## Input for this task
====================
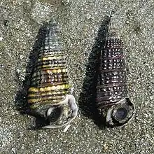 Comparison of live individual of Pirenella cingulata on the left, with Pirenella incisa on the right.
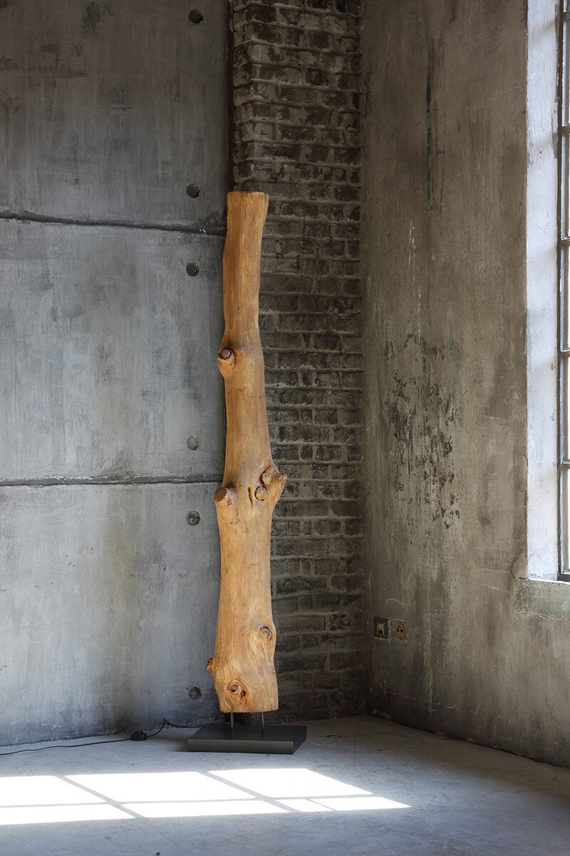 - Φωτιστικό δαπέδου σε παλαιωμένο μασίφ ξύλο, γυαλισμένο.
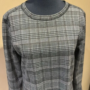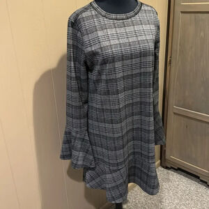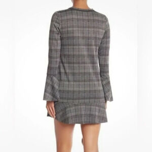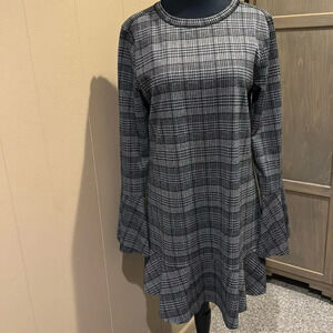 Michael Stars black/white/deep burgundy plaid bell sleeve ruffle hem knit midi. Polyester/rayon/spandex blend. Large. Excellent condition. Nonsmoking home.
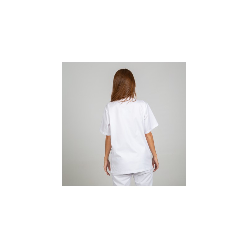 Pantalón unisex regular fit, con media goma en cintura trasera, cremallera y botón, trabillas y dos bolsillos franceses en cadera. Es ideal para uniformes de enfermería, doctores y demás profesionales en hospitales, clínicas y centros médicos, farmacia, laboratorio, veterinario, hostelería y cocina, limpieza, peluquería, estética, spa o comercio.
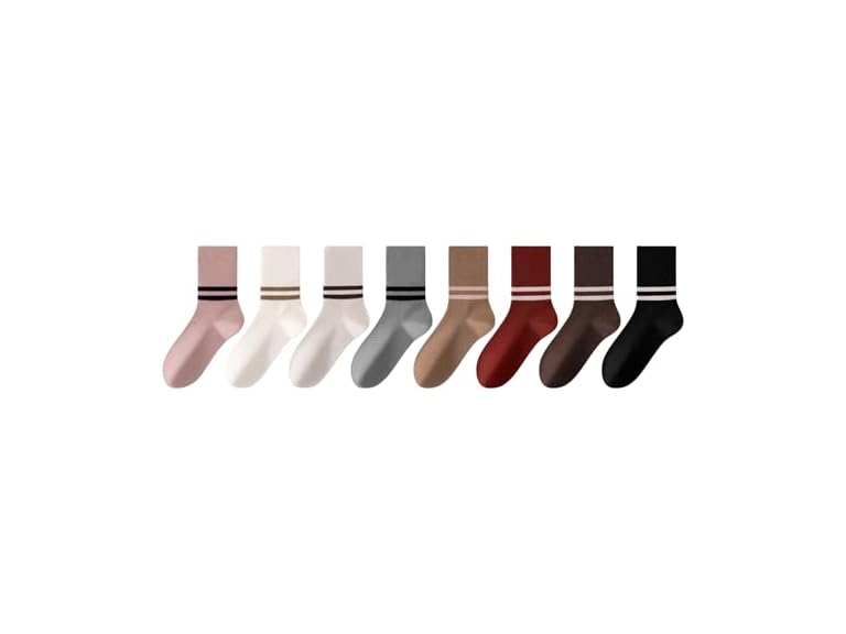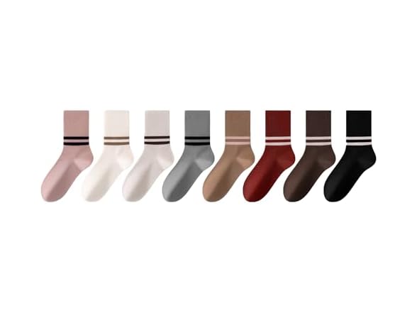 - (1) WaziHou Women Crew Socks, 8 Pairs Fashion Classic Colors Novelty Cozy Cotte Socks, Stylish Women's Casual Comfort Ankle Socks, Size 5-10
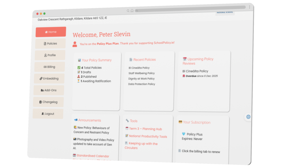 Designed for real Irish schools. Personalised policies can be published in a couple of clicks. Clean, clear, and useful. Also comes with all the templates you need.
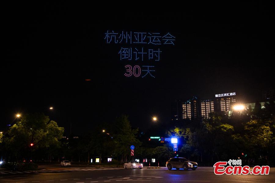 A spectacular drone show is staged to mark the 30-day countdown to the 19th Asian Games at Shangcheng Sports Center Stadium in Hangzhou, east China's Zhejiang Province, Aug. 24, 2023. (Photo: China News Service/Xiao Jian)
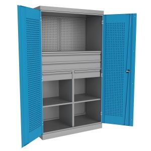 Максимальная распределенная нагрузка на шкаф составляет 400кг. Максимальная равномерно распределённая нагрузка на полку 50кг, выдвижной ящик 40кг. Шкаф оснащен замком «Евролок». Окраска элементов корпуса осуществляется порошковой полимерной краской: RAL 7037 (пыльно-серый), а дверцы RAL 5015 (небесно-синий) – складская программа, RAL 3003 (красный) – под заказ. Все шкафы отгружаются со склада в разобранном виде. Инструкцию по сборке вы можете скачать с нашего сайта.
====================
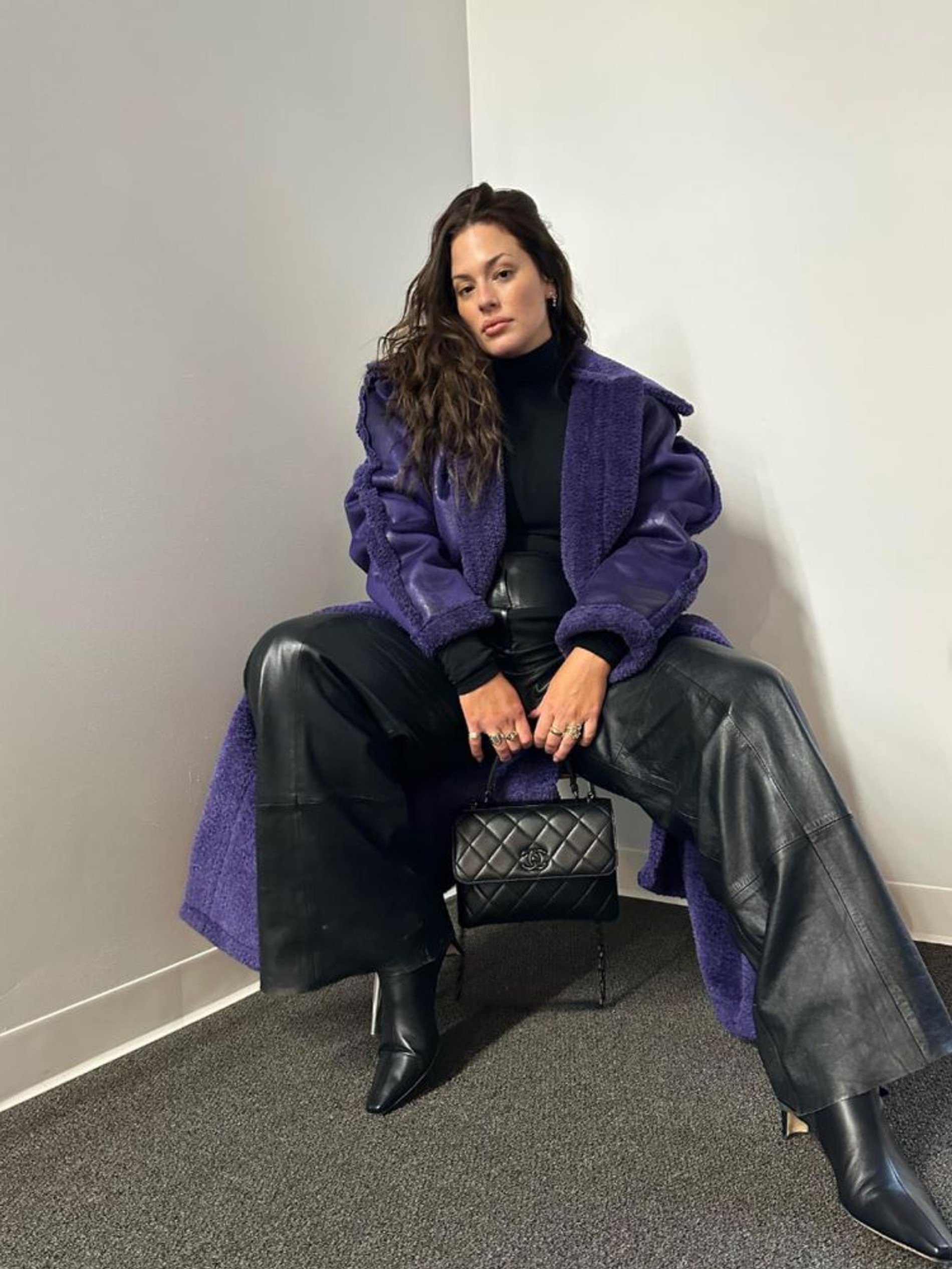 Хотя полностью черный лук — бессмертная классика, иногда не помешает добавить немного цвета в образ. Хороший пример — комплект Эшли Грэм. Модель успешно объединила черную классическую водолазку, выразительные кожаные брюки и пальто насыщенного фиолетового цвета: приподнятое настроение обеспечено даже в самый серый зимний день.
====================
## Work request
In the data above, retype only the stretch from the line with "Comparison of live" through the line with "A spectacular drone", word for word, and skip any pictures.

## The answer
 Comparison of live individual of Pirenella cingulata on the left, with Pirenella incisa on the right.
 - Φωτιστικό δαπέδου σε παλαιωμένο μασίφ ξύλο, γυαλισμένο.
 Michael Stars black/white/deep burgundy plaid bell sleeve ruffle hem knit midi. Polyester/rayon/spandex blend. Large. Excellent condition. Nonsmoking home.
 Pantalón unisex regular fit, con media goma en cintura trasera, cremallera y botón, trabillas y dos bolsillos franceses en cadera. Es ideal para uniformes de enfermería, doctores y demás profesionales en hospitales, clínicas y centros médicos, farmacia, laboratorio, veterinario, hostelería y cocina, limpieza, peluquería, estética, spa o comercio.
 - (1) WaziHou Women Crew Socks, 8 Pairs Fashion Classic Colors Novelty Cozy Cotte Socks, Stylish Women's Casual Comfort Ankle Socks, Size 5-10
 Designed for real Irish schools. Personalised policies can be published in a couple of clicks. Clean, clear, and useful. Also comes with all the templates you need.
 A spectacular drone show is staged to mark the 30-day countdown to the 19th Asian Games at Shangcheng Sports Center Stadium in Hangzhou, east China's Zhejiang Province, Aug. 24, 2023. (Photo: China News Service/Xiao Jian)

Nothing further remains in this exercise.